Authors: Eric Ambler
Simone had done as I had asked and Jasmin was standing by the station-wagon with my raincoat rolled up under one arm and her tooled-leather bag slung over the other. I signalled and she came over. I took the raincoat. Two of the packages we had made up, and boldly marked with a 1 and a 2, went into the raincoat side pockets. The other two, similarly but less boldly numbered, disappeared into the tooled-leather bag. I had opened my coat out as if to refold it so that nobody higher up near the house could have seen that last move.
As Jasmin returned to the station-wagon and I shook hands all round with the Dutchmen, Simone joined us on the pretext of doing the same thing. But her goodbyes were mainly for show. She patted the packages in my raincoat pockets and managed to look smugly satisfied as she did so. She also had a message to deliver.
‘The patron says that we must leave soon.

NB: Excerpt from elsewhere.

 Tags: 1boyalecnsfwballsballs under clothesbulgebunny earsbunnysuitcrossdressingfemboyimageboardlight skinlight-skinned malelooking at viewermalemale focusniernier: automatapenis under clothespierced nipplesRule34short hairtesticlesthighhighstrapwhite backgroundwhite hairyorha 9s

It is nearly four o’clock and we should do what we have to do while there is still plenty of daylight.’
‘Let the Dutchmen go first to see what happens. Five minutes. Okay?’

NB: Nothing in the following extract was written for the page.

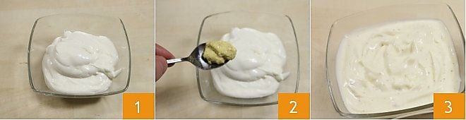 To prepare the fake mustard mayonnaise, proceed as above by preparing the basic vegan mayonnaise and transferring it to a small bowl 1. Add the mustard 2 the two sauces, and your fake mustard mayonnaise is ready 3!

‘All right. Agreed. The more secure they feel here the better.’
We said goodbye to Kluvers and the Viser-Damrak crew
all over again and watched them go down to the gate. There, they were stopped by the security guards and there was an angry-looking argument accompanied by a lot of arm-waving and pointing in our direction. Kluvers and his crew had to wait by the gate while the security captain came up to harangue me in German.
Zander was with us now. ‘This security captain,’ he explained, ‘has received special orders from the Chief Secretary. The film of the interview you had with The Ruler is to be held for censoring.’

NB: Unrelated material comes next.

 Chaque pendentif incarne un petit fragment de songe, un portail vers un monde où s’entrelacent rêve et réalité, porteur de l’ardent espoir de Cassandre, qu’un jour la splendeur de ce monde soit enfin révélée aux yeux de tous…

‘It was to be released by me personally to ORF, the Austrian broadcasting service, for processing.’
‘It will be released later after it has been censored.’
‘It can’t be censored before it has been processed,’ I bawled angrily. ‘I demand to see the Chief Secretary.’
Zander obligingly translated this too. The security captain beckoned to me and we walked back up to the house. The two bodyguards on duty stiffened as we approached. Clearly, they spoke no German and didn’t much care for the security captain anyway. However, when he made signs indicating that I was to remain there while he went inside to make a report, they let him through.
I stood there for several minutes before the Chief Secretary came out. He looked at me, and spoke too, as if he had never seen me before.
‘We want the film,’ he said. ‘His Highness’s orders. It is his property. It will not be allowed to leave these premises. You will hand it over immediately.’
‘It is to be processed by ORF, Vienna. That has all been arranged.’ I hugged my raincoat protectively to my breast.
‘It will be processed as we decide. Hand it over immediately.’ He came down the steps to confront me with his stomach. ‘I would not like to have to use force to compel you to return His Highness’s property.’
‘This is Austrian territory, Chief Secretary, not the Gulf.’
‘And the film still belongs to His Highness. No more
nonsense please, Mr Halliday. You were employed and have been paid. If you don’t want to give me the film you shot, I will have it taken from you.’
I hesitated a moment longer, then shrugged and gave him the package marked 1.
He took it, ripped off the paper to see that there was indeed a 16mm film pack inside, then held out his hand again. ‘All of it, please. There is a second magazine. I saw the cameraman put it in the camera.’
With a sigh I emptied the other raincoat pocket and gave him the package marked 2. ‘Where are you going to get it processed?’ I asked as he tore the wrappings off to check again.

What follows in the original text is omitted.